* [Given entries]
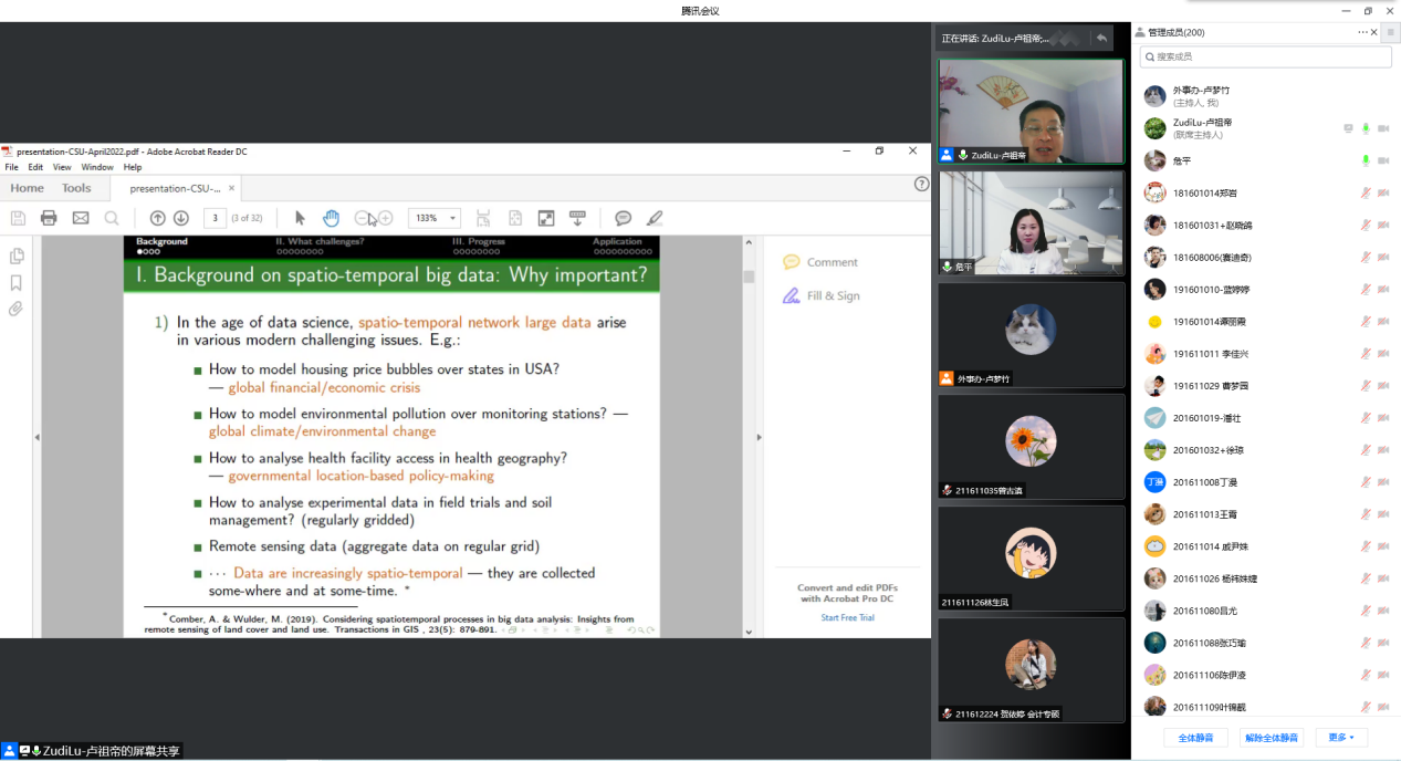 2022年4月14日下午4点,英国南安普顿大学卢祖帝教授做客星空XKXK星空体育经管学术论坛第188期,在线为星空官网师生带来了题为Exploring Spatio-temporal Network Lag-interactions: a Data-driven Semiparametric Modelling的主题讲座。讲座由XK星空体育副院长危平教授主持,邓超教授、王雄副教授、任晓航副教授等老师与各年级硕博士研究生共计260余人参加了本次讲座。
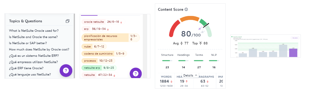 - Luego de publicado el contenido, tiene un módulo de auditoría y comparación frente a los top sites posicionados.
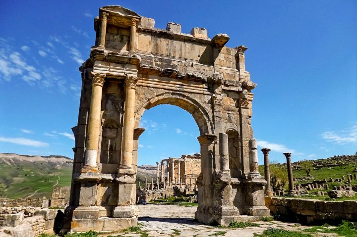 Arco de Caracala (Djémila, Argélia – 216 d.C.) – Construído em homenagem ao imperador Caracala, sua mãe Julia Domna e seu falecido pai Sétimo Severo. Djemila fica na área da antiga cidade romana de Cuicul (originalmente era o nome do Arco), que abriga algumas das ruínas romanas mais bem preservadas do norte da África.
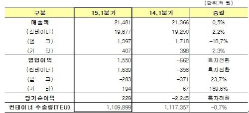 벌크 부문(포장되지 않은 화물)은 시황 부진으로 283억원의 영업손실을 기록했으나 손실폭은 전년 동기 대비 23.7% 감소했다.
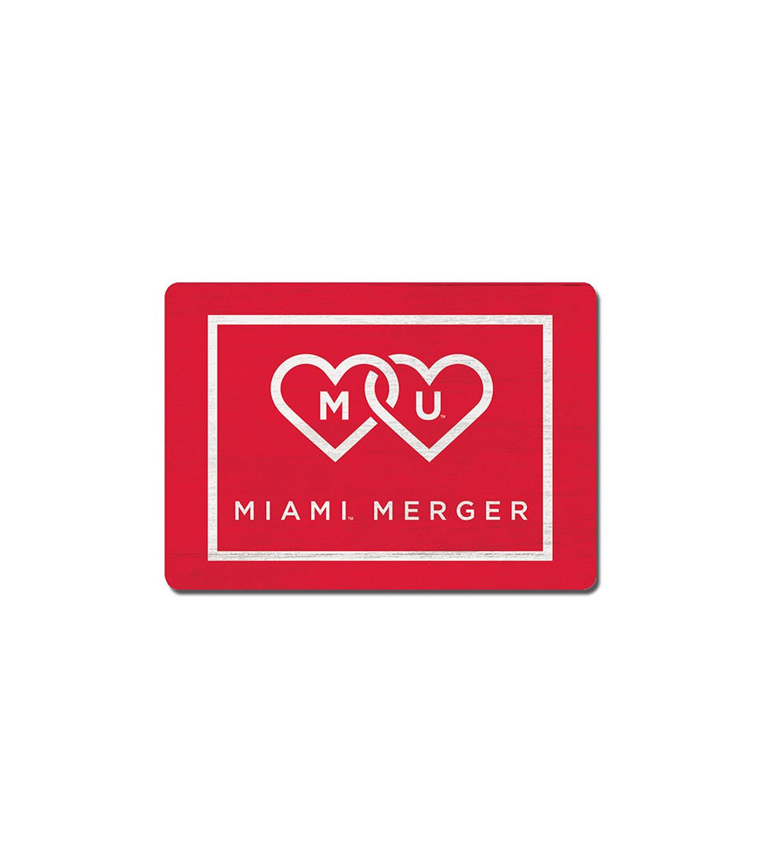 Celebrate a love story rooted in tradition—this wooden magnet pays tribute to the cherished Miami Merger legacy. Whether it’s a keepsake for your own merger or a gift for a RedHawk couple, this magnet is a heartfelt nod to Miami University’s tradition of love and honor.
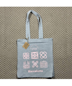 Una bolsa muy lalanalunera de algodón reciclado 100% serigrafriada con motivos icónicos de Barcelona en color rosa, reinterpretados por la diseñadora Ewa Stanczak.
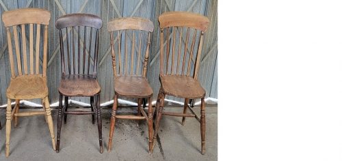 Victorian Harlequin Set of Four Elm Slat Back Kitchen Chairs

---

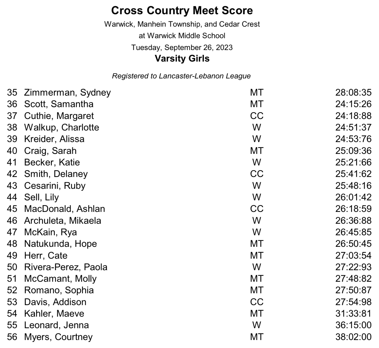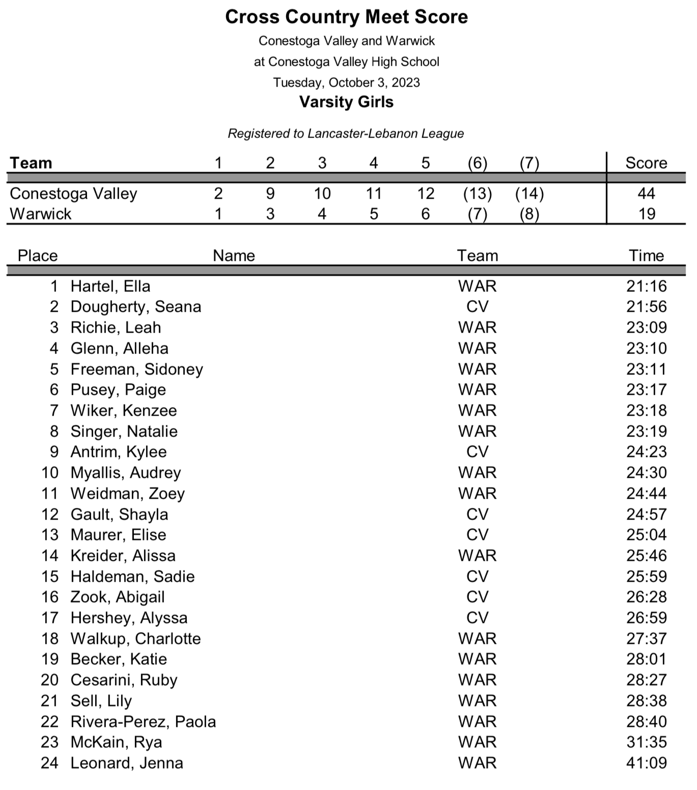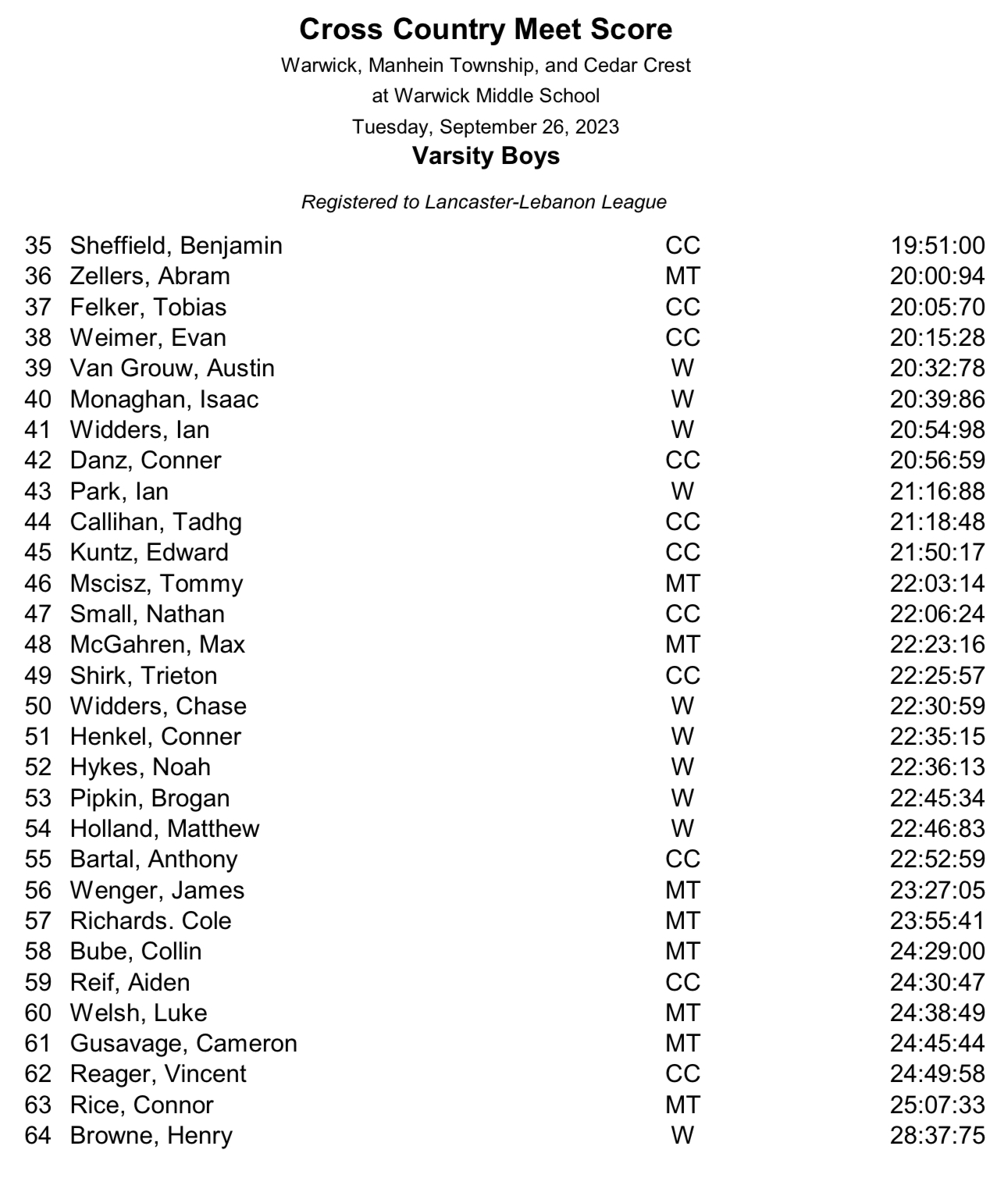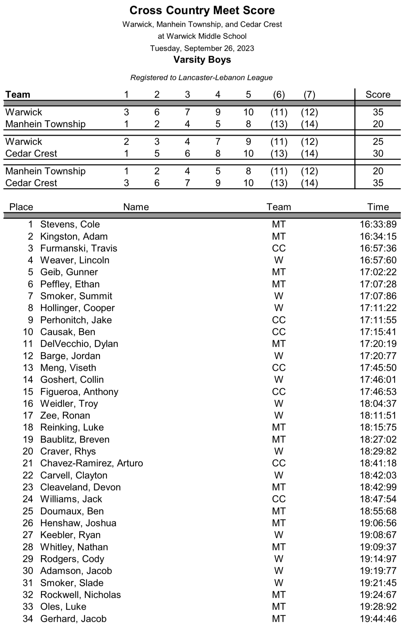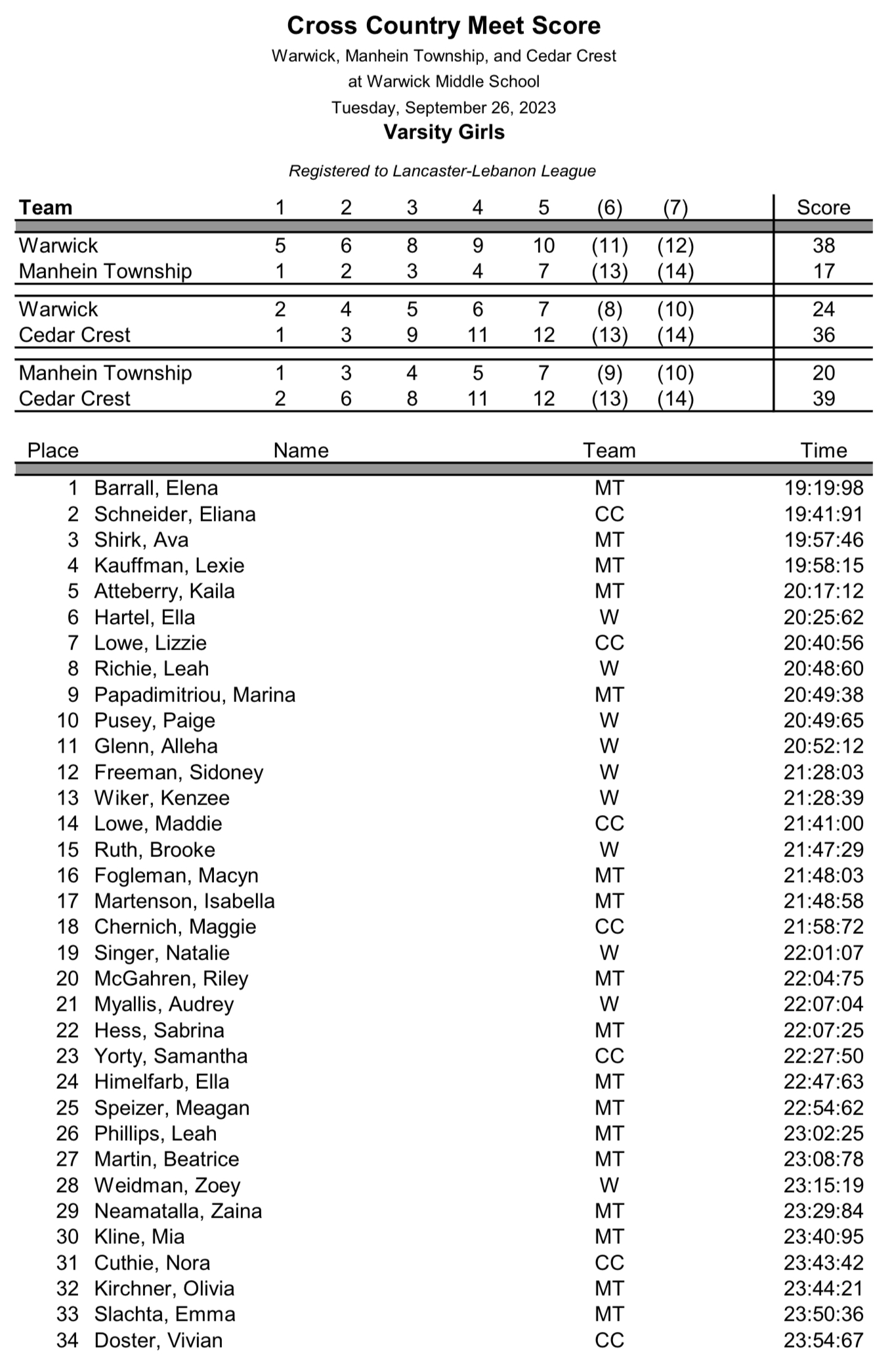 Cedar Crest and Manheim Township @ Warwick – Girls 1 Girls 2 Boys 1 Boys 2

==

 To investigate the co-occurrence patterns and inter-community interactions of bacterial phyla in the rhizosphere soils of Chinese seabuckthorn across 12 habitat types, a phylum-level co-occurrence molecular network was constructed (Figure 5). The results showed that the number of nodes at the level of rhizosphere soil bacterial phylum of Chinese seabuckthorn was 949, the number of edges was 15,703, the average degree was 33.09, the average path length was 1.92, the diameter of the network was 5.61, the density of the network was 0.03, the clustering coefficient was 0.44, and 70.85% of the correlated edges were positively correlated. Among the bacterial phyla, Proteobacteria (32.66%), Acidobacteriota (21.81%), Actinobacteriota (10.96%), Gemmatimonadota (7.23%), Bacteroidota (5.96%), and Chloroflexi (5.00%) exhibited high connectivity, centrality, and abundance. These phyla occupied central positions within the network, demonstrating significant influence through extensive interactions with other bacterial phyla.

* [Exercise brief] What you write must match the listing exactly, from the line with "Arco de Caracala" up to and including the line with "Victorian Harlequin Set". Pictures stay out.

* [Solution]
 Arco de Caracala (Djémila, Argélia – 216 d.C.) – Construído em homenagem ao imperador Caracala, sua mãe Julia Domna e seu falecido pai Sétimo Severo. Djemila fica na área da antiga cidade romana de Cuicul (originalmente era o nome do Arco), que abriga algumas das ruínas romanas mais bem preservadas do norte da África.
 벌크 부문(포장되지 않은 화물)은 시황 부진으로 283억원의 영업손실을 기록했으나 손실폭은 전년 동기 대비 23.7% 감소했다.
 Celebrate a love story rooted in tradition—this wooden magnet pays tribute to the cherished Miami Merger legacy. Whether it’s a keepsake for your own merger or a gift for a RedHawk couple, this magnet is a heartfelt nod to Miami University’s tradition of love and honor.
 Una bolsa muy lalanalunera de algodón reciclado 100% serigrafriada con motivos icónicos de Barcelona en color rosa, reinterpretados por la diseñadora Ewa Stanczak.
 Victorian Harlequin Set of Four Elm Slat Back Kitchen Chairs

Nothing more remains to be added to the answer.